--- START ---
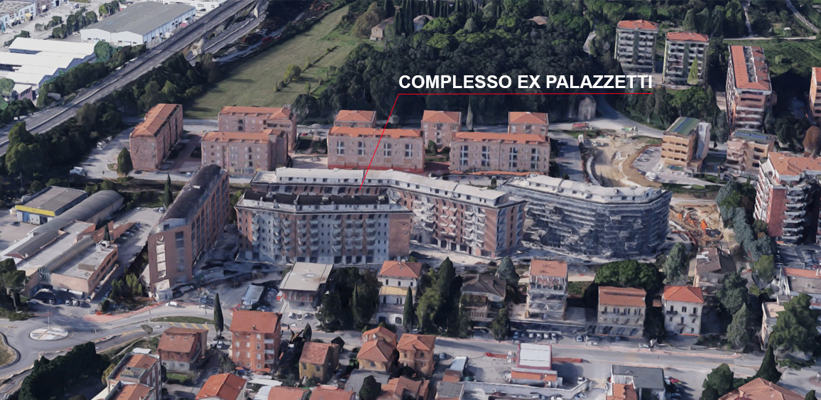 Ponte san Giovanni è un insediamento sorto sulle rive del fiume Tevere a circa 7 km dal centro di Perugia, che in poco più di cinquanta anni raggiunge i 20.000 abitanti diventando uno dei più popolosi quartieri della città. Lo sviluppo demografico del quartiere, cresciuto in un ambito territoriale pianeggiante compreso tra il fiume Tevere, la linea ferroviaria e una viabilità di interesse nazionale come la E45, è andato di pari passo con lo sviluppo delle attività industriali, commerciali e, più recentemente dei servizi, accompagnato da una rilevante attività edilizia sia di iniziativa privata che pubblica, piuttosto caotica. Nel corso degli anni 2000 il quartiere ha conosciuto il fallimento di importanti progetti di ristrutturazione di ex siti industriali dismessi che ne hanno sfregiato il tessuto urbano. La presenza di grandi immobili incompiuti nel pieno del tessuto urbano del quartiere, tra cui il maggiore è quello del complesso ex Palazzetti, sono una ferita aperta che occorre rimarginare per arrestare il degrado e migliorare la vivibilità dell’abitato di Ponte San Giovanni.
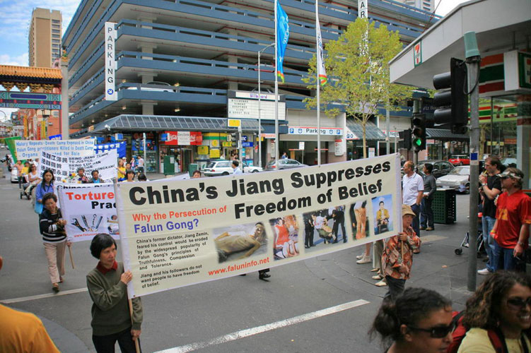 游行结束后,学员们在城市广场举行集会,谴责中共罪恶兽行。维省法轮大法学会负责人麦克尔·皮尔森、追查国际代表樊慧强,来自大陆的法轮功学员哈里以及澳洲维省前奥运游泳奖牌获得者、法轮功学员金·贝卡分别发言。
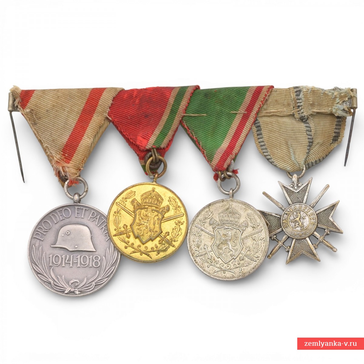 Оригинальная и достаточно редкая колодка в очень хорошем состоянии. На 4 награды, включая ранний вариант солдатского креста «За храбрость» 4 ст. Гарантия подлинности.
--- END ---
# [What you have to do]
Retype the data above exactly. Do not carry over any images.

# [Answer box]
 Ponte san Giovanni è un insediamento sorto sulle rive del fiume Tevere a circa 7 km dal centro di Perugia, che in poco più di cinquanta anni raggiunge i 20.000 abitanti diventando uno dei più popolosi quartieri della città. Lo sviluppo demografico del quartiere, cresciuto in un ambito territoriale pianeggiante compreso tra il fiume Tevere, la linea ferroviaria e una viabilità di interesse nazionale come la E45, è andato di pari passo con lo sviluppo delle attività industriali, commerciali e, più recentemente dei servizi, accompagnato da una rilevante attività edilizia sia di iniziativa privata che pubblica, piuttosto caotica. Nel corso degli anni 2000 il quartiere ha conosciuto il fallimento di importanti progetti di ristrutturazione di ex siti industriali dismessi che ne hanno sfregiato il tessuto urbano. La presenza di grandi immobili incompiuti nel pieno del tessuto urbano del quartiere, tra cui il maggiore è quello del complesso ex Palazzetti, sono una ferita aperta che occorre rimarginare per arrestare il degrado e migliorare la vivibilità dell’abitato di Ponte San Giovanni.
 游行结束后,学员们在城市广场举行集会,谴责中共罪恶兽行。维省法轮大法学会负责人麦克尔·皮尔森、追查国际代表樊慧强,来自大陆的法轮功学员哈里以及澳洲维省前奥运游泳奖牌获得者、法轮功学员金·贝卡分别发言。
 Оригинальная и достаточно редкая колодка в очень хорошем состоянии. На 4 награды, включая ранний вариант солдатского креста «За храбрость» 4 ст. Гарантия подлинности.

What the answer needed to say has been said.